**EXERCISE BRIEF:** From the first line of the entries below through the line bearing "Tapete Waldszene mit", write out each line exactly. Omit pictures.

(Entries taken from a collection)

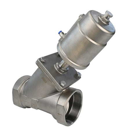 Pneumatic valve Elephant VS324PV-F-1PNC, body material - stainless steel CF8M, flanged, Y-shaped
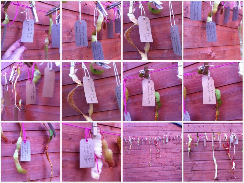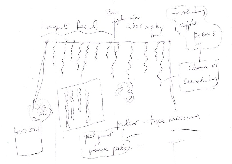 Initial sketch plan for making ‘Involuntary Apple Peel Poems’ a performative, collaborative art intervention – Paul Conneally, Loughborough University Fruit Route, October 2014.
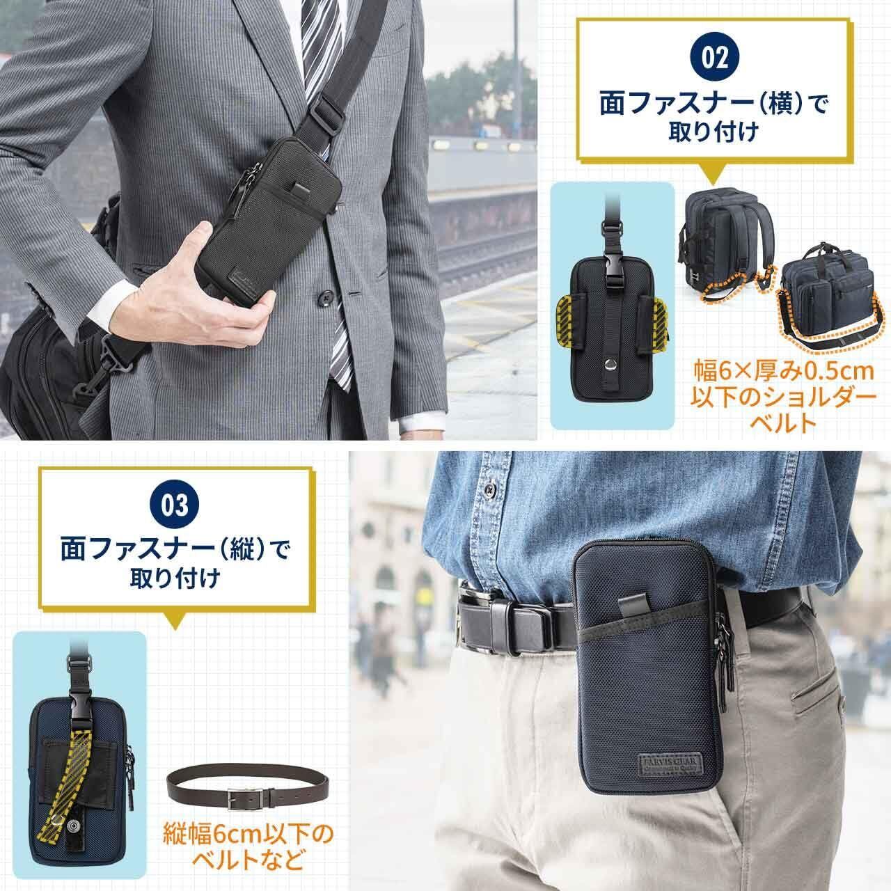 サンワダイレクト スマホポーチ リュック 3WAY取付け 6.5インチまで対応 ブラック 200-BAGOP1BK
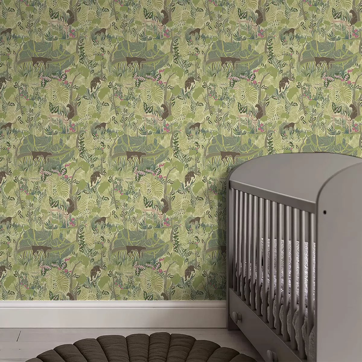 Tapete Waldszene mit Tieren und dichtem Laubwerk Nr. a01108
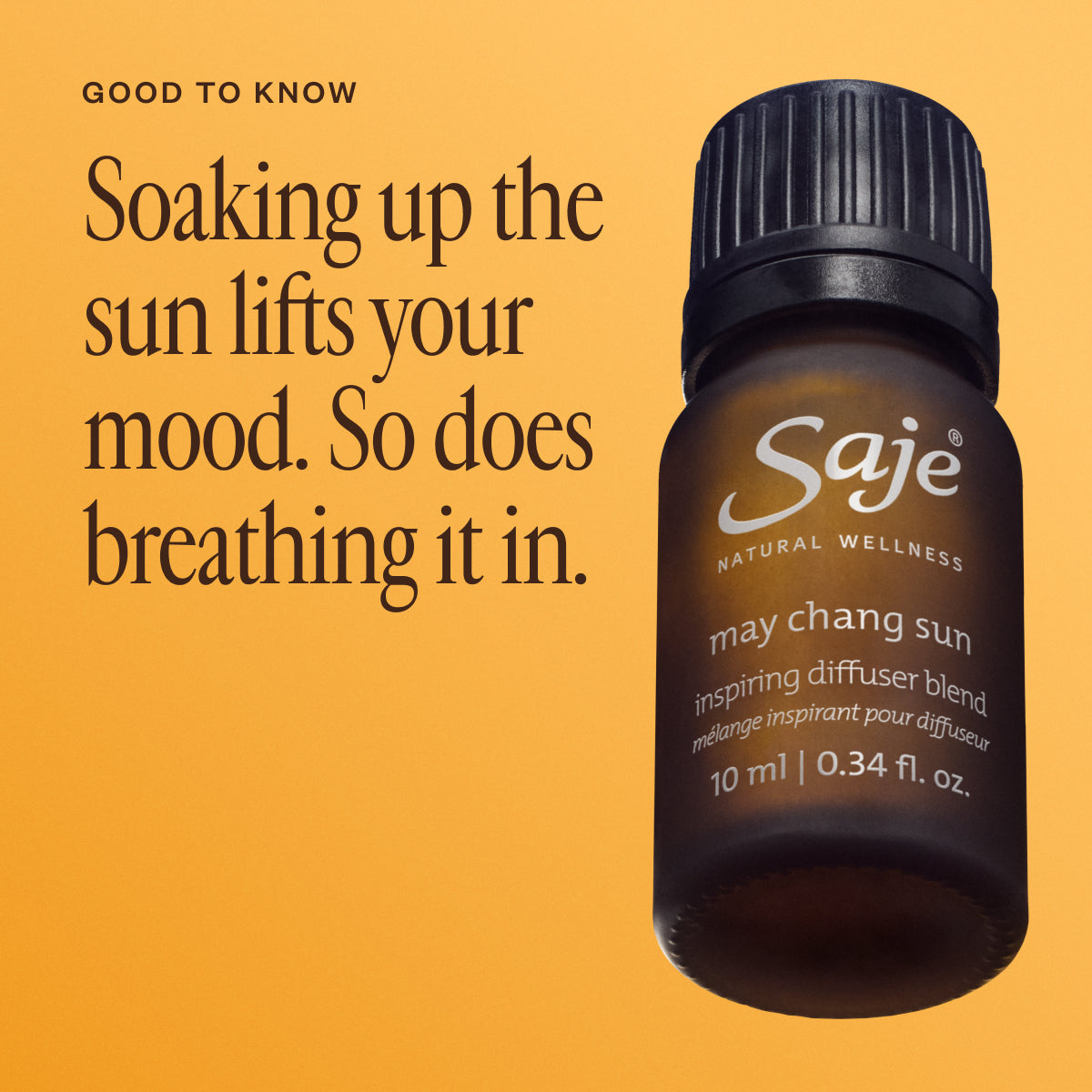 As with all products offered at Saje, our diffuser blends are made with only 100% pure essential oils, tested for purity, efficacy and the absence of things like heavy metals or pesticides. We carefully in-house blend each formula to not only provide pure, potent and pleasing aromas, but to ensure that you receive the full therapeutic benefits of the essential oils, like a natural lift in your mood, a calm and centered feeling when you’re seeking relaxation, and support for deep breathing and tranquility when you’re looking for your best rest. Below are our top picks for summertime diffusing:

**SOLUTION:**
 Pneumatic valve Elephant VS324PV-F-1PNC, body material - stainless steel CF8M, flanged, Y-shaped
 Initial sketch plan for making ‘Involuntary Apple Peel Poems’ a performative, collaborative art intervention – Paul Conneally, Loughborough University Fruit Route, October 2014.
 サンワダイレクト スマホポーチ リュック 3WAY取付け 6.5インチまで対応 ブラック 200-BAGOP1BK
 Tapete Waldszene mit Tieren und dichtem Laubwerk Nr. a01108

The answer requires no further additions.